« Il faut quand même prendre le temps de faire des vérifications de sécurité avant de commencer à collecter des centaines de milliers de données », a alerté mardi  31 août sur franceinfo Gérôme Billois, expert en cybersécurité au cabinet de conseil Wavestone, alors qu’une faille de sécurité informatique a touché la société Francetest, spécialisée dans le transfert de données de tests antigéniques réalisés en pharmacie vers la plateforme du gouvernement SI-DEP. Les données personnes et les résultats de tests de 700 000 personnes ont été rendus accessibles sur internet. 

franceinfo : Est-ce que cette faille révèle que ces sites ne sont pas fiables ?

Gérôme Billois : Je ne dirais pas que tous les sites ne sont pas fiables. Ce qui est important, c’est que là, on est face à une situation où le site n’avait pas d’agrément. Il n’avait pas été vérifié avant qu’il puisse être utilisé.

Alors, même si les agréments sont arrivés tard, il faut voir que, même si on a des besoins urgents dans le numérique, il faut quand même prendre le temps de faire des vérifications de sécurité avant de commencer à collecter des centaines de milliers de données. C’est peut-être ce qui a manqué dans cette affaire et qui est un rappel à tous ceux qui créent des systèmes numériques. C’est rapide, c’est facile à créer.

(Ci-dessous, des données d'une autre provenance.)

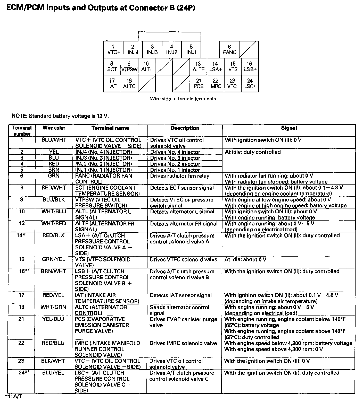 ECM/PCM Inputs and Outputs at Connector B (24P):
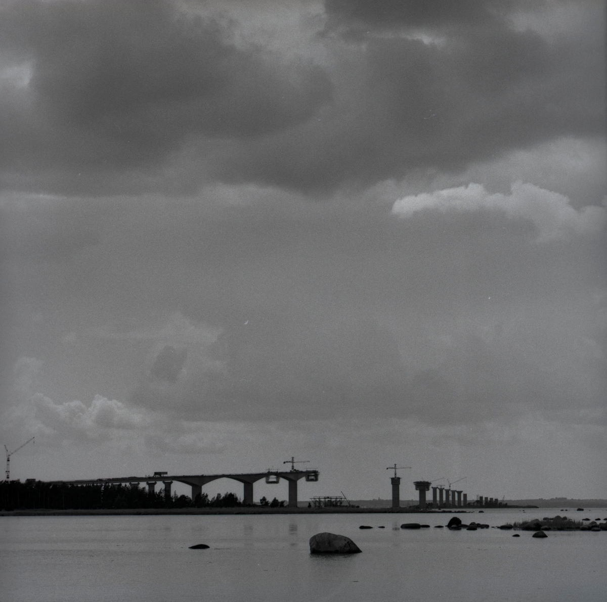 Vy från byggandet av Ölandsbron. Svinö till vänster i bild.
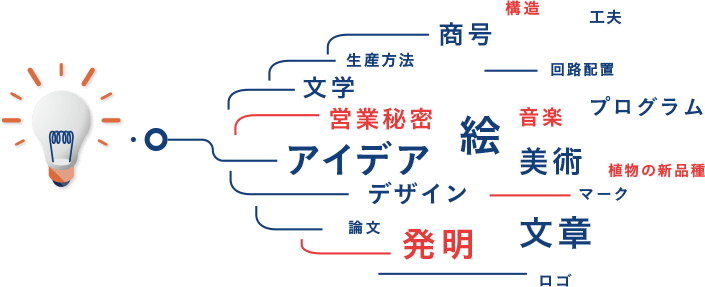 ただ、知的財産と言っても、たとえば新しい技術・アイデアの発明や、物品・建築物から画像のデザインといった意匠、絵画や文章・音楽といった創作的表現である著作物まで、非常に幅広いのが実情です。
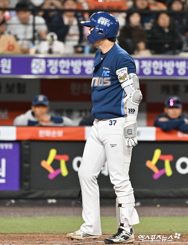 (엑스포츠뉴스 대전, 양정웅 기자) 개막부터 무릎 상태가 좋지 않지만, 박건우(NC 다이노스)는 투혼을 발휘했다.
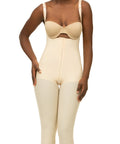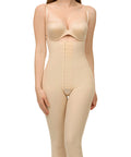 Ideal for Stage 1 recovery (0–2 weeks post-op), this below-the-knee bodysuit features a front hook & eye closure, open crotch, and adjustable shoulder straps for a secure, customized fit. Pre-formed closed buttocks offer a natural lift, while the high-compression midsection smooths the tummy—no padding required.
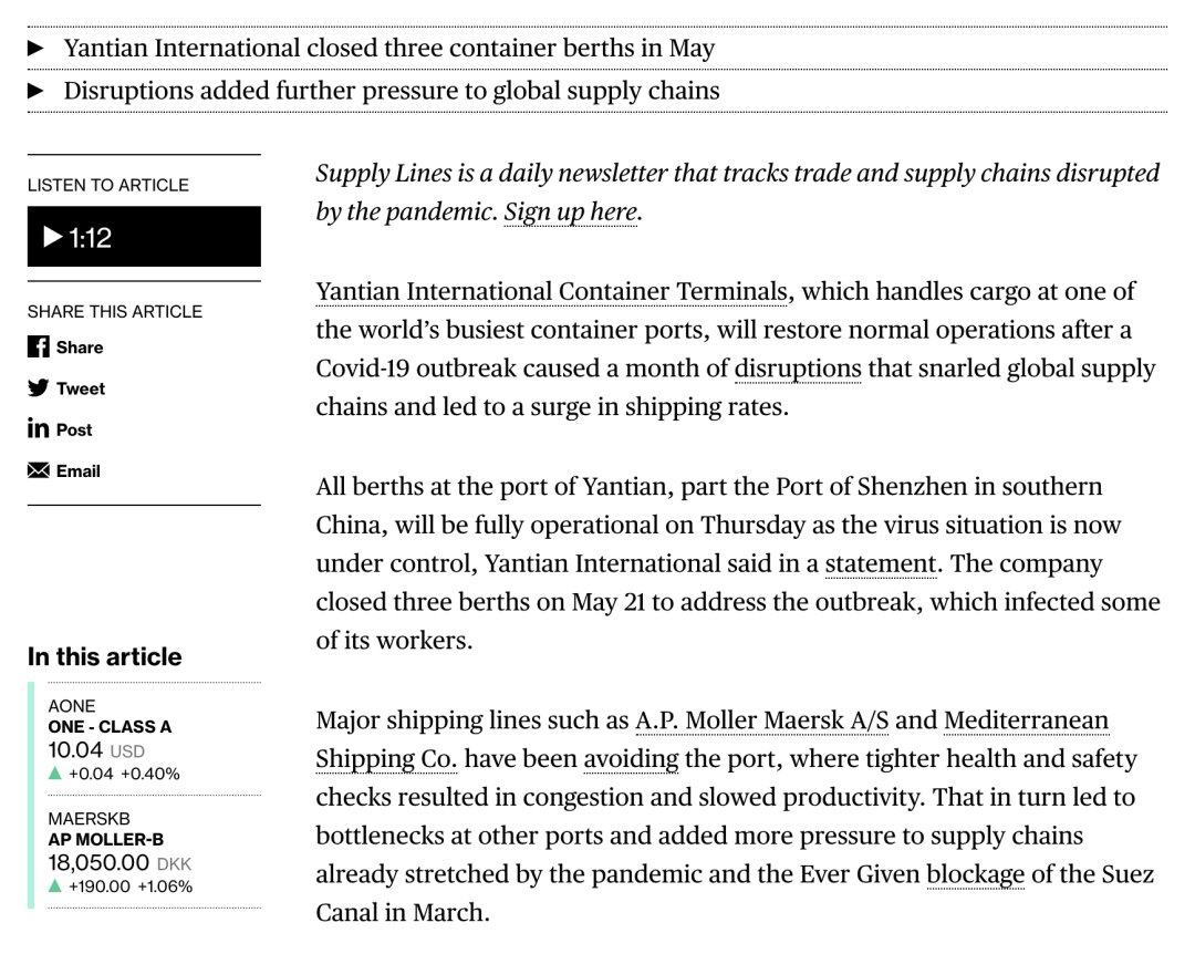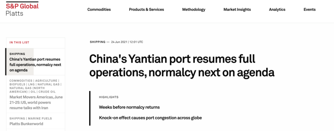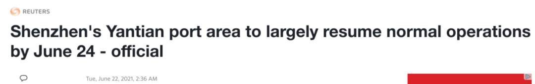 此外,路透社在6月22日就曾发快讯,关注盐田港复工复产。
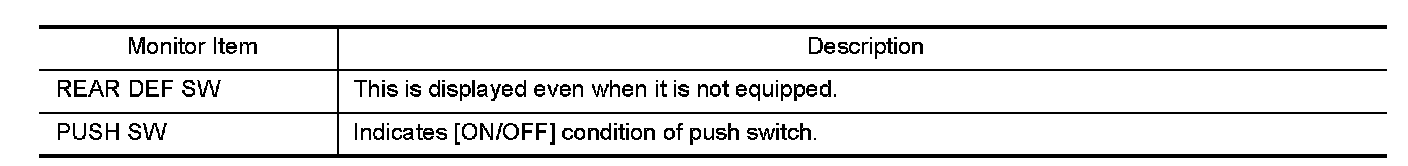 The following table includes information (items) inapplicable to this vehicle. For information (items) applicable to this vehicle, refer to CONSULT display items.

Mais il ne faut pas oublier qu’à un moment ou à un autre, cela peut dérailler et qu’il peut y avoir des problèmes de cybersécurité.

Quels sont les risques de ce genre de failles informatiques ?

Dans ce cas particulier, la faille de sécurité aurait été trouvée et signalée par quelqu’un. On ne sait pas pour l’instant, si cette faille a été utilisée par des personnes malveillantes, des cybercriminels, pour extraire les données.

Si c’est le cas, ces cybercriminels peuvent faire de nombreuses choses avec ces informations : envoyer des faux emails en se basant sur les informations, les noms, les prénoms, les adresses, les numéros de sécurité sociale pour demander par exemple un paiement complémentaire ou demander la communication de la carte bancaire pour créer des fraudes. Ça, c’est une première piste.

La deuxième action malveillante pour les cybercriminels, c’est de préparer des usurpations d’identité. Les informations sont très précises, très fraîches parce qu’elles datent de quelques mois. Par exemple pour prendre un crédit au nom de quelqu’un d’autre.

Comment se prémunir quand on est un particulier et savoir si on peut communiquer ses données en toute sécurité ?

C’est une vraie problématique aujourd’hui pour le grand public. C’est extrêmement difficile, quand on va sur un site web, de savoir s’il est fiable ou pas. On voit toujours écrit 100% sécurisé. Le grand public ne peut pas vérifier ça. C’est pour cela qu’il y a plusieurs projets de réglementation qui visent à imposer un niveau minimum de sécurité et d’avoir un label, comme on le label CE. Il faut qu’on arrive de plus en plus à avoir une reconnaissance externe, indépendante de ceux qui créés ces sites web. Cela permettrait d’avoir un niveau minimum de sécurité. Évidemment, cela n’empêchera pas tout, mais ce sera déjà une très bonne avancée.